就在这时,一道银光破空而来,直逼她面门。云浅月抬刀格挡,“铛”的一声巨响,震得她手腕微麻。
抬眼望去,对面一员老将策马而来。银甲长枪,面容刚毅,正是武安侯裴霄。
“无名小儿,敢与老夫一战!”
裴霄的声音苍老却洪亮,裹着沙场磨砺出的杀气。
云浅月勒住马,长刀直指裴霄。没有半句废话,策马便冲了上去。
两人瞬间缠斗在一起。
裴霄是久经沙场的老将。枪法凌厉,一招一式都稳如泰山,带着数十年的战场经验,招招锁喉,招招致命。
而云浅月仗着年轻,体力充沛,刀法大开大合,没有丝毫花架子。每一刀都带着破釜沉舟的狠劲,像是要把眼前的一切都劈开。
刀枪相击的声响密集如雨点。两人战了数十回合,竟难分胜负。
周围的将士都停了手,看着阵前的主将对决,连喊杀声都淡了几分。
云浅月的额角渗出汗珠,面具下的呼吸略有些急促,但眼神依旧冷冽。她瞅准一个破绽,长刀旋身劈下,带着千钧之力。

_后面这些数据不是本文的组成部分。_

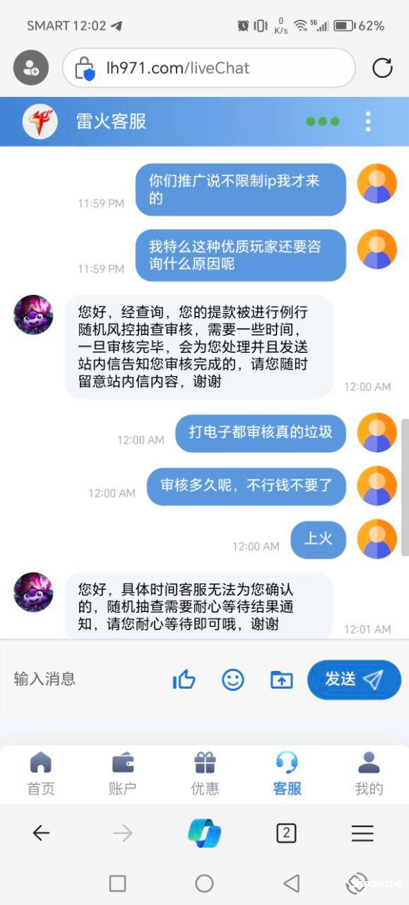 本人在菲做点小生意,唯一的爱好就是每天打点转转,今天经电报介绍去雷火平台, 充值300打麻2拉到1500提款半小时没到账去咨询客服,客服回复随机抽查请耐心等待结果!本人没领过任何彩金,也是第一次在雷火娱乐。赌友圈流行一句话,电子都卡的台子绝对是垃圾台子!本人在开云系列台,bm体育,球速体育等娱乐过很久,账号相同可查,重未发生过此类扎心的问题!忘广大网友远离黑平台,还网赌圈一份宁静,最后说一句,真的狠搞心态!

裴霄抬枪格挡。“咔嚓”一声,枪杆竟被震出一道裂纹。他的虎口瞬间崩裂,鲜血涌了出来,长枪几乎脱手。
胜负只在一瞬。
云浅月手腕翻转,第二刀紧随而至。刀锋带着破风的锐响,直逼裴霄心口——这一刀下去,武安侯今日必死无疑。
可就在刀锋即将触到裴霄盔甲的刹那——
她的眼前突然晃过裴烬的脸。
是那晚月下,他红着耳尖,认真看着她的模样。
是他重伤护她时,昏迷中抓着她的手喊“爹、娘、妹妹”的模样。
是他笑着说“摸一下,一两银子,我记账上”的模样。
那是他的父亲。
这个念头像一根细针,猝不及防地扎进她心里。
手腕竟微微一滞。
就这半寸的偏差,刀锋擦着裴霄的盔甲划过,只削落了一片甲叶。
裴霄何等老辣,立刻抓住这转瞬即逝的机会,拨转马头,在亲兵的掩护下迅速后撤,转眼便退入了阵中。
云浅月勒住马。
长刀垂在身侧,刀上的血一滴滴落在地上,渗进泥土里。她看着裴霄撤退的方向,面具下的眉头微微蹙起——
她不该手软的。
穿上这身盔甲,她是无名将军,不是云浅月。战场之上,何来情面可言?
可她确实手软了。
厮杀还在继续,但没了主将的坐镇,敌军很快溃不成军。
半个时辰后,战鼓停了,旷野上只剩下一片狼藉。
敌军败退,将士们欢呼着涌上来,喊着“将军威武”,声浪掀翻了晨雾。
云浅月却站在尸横遍野的战场上,没有半分喜悦。
她低头看着手里的刀。血还在顺着刀刃往下滴,滴在满地的尸体上。那些尸体,有敌军的,也有己方的。有的还睁着眼,有的断了胳膊断了腿。旷野上弥漫着浓重的血腥味,呛得人喉咙发紧。
她忽然想——
这些人,都是谁的父亲,谁的儿子,谁的丈夫?
这个念头刚冒出来,就被她强行甩开。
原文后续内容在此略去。